From [cs231n note](http://cs231n.github.io/python-numpy-tutorial/).

In [None]:
import numpy as np

a = np.array([1, 2, 3])   # Create a rank 1 array
print(type(a))            # Prints "<class 'numpy.ndarray'>"
print(a.shape)            # Prints "(3,)"
print(a[0], a[1], a[2])   # Prints "1 2 3"

In [None]:
a[0] = 5                  # Change an element of the array
print(a)                  # Prints "[5, 2, 3]"

b = np.array([[1, 2, 3],[4, 5, 6]])    # Create a rank 2 array
print(b.shape)                     # Prints "(2, 3)"
print(b[0, 0], b[0, 1], b[1, 0])   # Prints "1 2 4"

In [None]:
a = np.zeros((2,2))   # Create an array of all zeros
print(a)              # Prints "[[ 0.  0.]
                      #          [ 0.  0.]]"

b = np.ones((1,2))    # Create an array of all ones
print(b)              # Prints "[[ 1.  1.]]"

In [None]:
c = np.full((2,2), 7)  # Create a constant array
print(c)               # Prints "[[ 7.  7.]
                       #          [ 7.  7.]]"

d = np.eye(2)         # Create a 2x2 identity matrix
print(d)              # Prints "[[ 1.  0.]
                      #          [ 0.  1.]]"

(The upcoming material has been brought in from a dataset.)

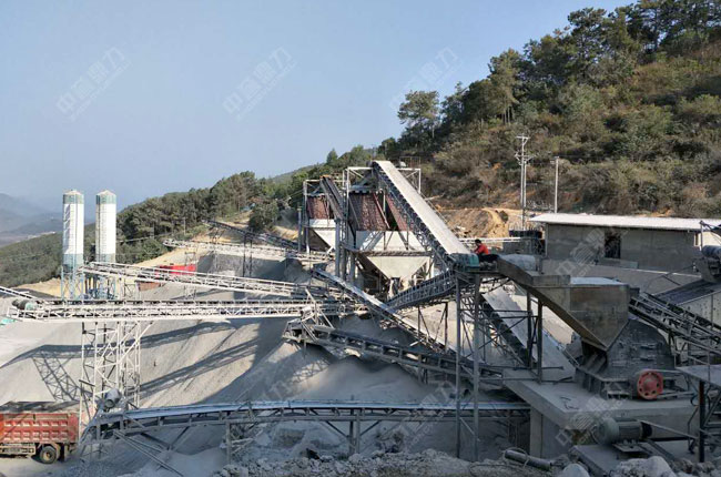 設備配置:DLZG1550給料機、DLPCZ1615重錘破碎機 、3YK2470振動篩*2臺、2YK2470振動篩*2臺

e = np.random.random((2,2))  # Create an array filled with random values
print(e)                     # Might print "[[ 0.91940167  0.08143941]
                             #               [ 0.68744134  0.87236687]]"

In [None]:
# Create the following rank 2 array with shape (3, 4)
# [[ 1  2  3  4]
#  [ 5  6  7  8]
#  [ 9 10 11 12]]
a = np.array([[1,2,3,4], [5,6,7,8], [9,10,11,12]])

# Use slicing to pull out the subarray consisting of the first 2 rows
# and columns 1 and 2; b is the following array of shape (2, 2):
# [[2 3]
#  [6 7]]
b = a[:2, 1:3]

# A slice of an array is a view into the same data, so modifying it
# will modify the original array.
print(a[0, 1])   # Prints "2"
b[0, 0] = 77     # b[0, 0] is the same piece of data as a[0, 1]
print(a[0, 1])   # Prints "77"

In [None]:
x = np.array([[1,2],[3,4]], dtype=np.float64)
y = np.array([[5,6],[7,8]], dtype=np.float64)

# Elementwise sum; both produce the array
# [[ 6.0  8.0]
#  [10.0 12.0]]
print(x + y)
print(np.add(x, y))

# Elementwise difference; both produce the array
# [[-4.0 -4.0]
#  [-4.0 -4.0]]
print(x - y)
print(np.subtract(x, y))

# Elementwise product; both produce the array
# [[ 5.0 12.0]
#  [21.0 32.0]]
print(x * y)
print(np.multiply(x, y))

# Elementwise division; both produce the array
# [[ 0.2         0.33333333]
#  [ 0.42857143  0.5       ]]
print(x / y)
print(np.divide(x, y))

# Elementwise square root; produces the array
# [[ 1.          1.41421356]
#  [ 1.73205081  2.        ]]
print(np.sqrt(x))

In [None]:
x = np.array([[1,2],[3,4]])
y = np.array([[5,6],[7,8]])

v = np.array([9,10])
w = np.array([11, 12])

# Inner product of vectors; both produce 219
print(v.dot(w))
print(np.dot(v, w))

# Matrix / vector product; both produce the rank 1 array [29 67]
print(x.dot(v))
print(np.dot(x, v))

# Matrix / matrix product; both produce the rank 2 array
# [[19 22]
#  [43 50]]
print(x.dot(y))
print(np.dot(x, y))

In [None]:
x = np.array([[1,2],[3,4]])

print(np.sum(x))  # Compute sum of all elements; prints "10"
print(np.sum(x, axis=0))  # Compute sum of each column; prints "[4 6]"
print(np.sum(x, axis=1))  # Compute sum of each row; prints "[3 7]"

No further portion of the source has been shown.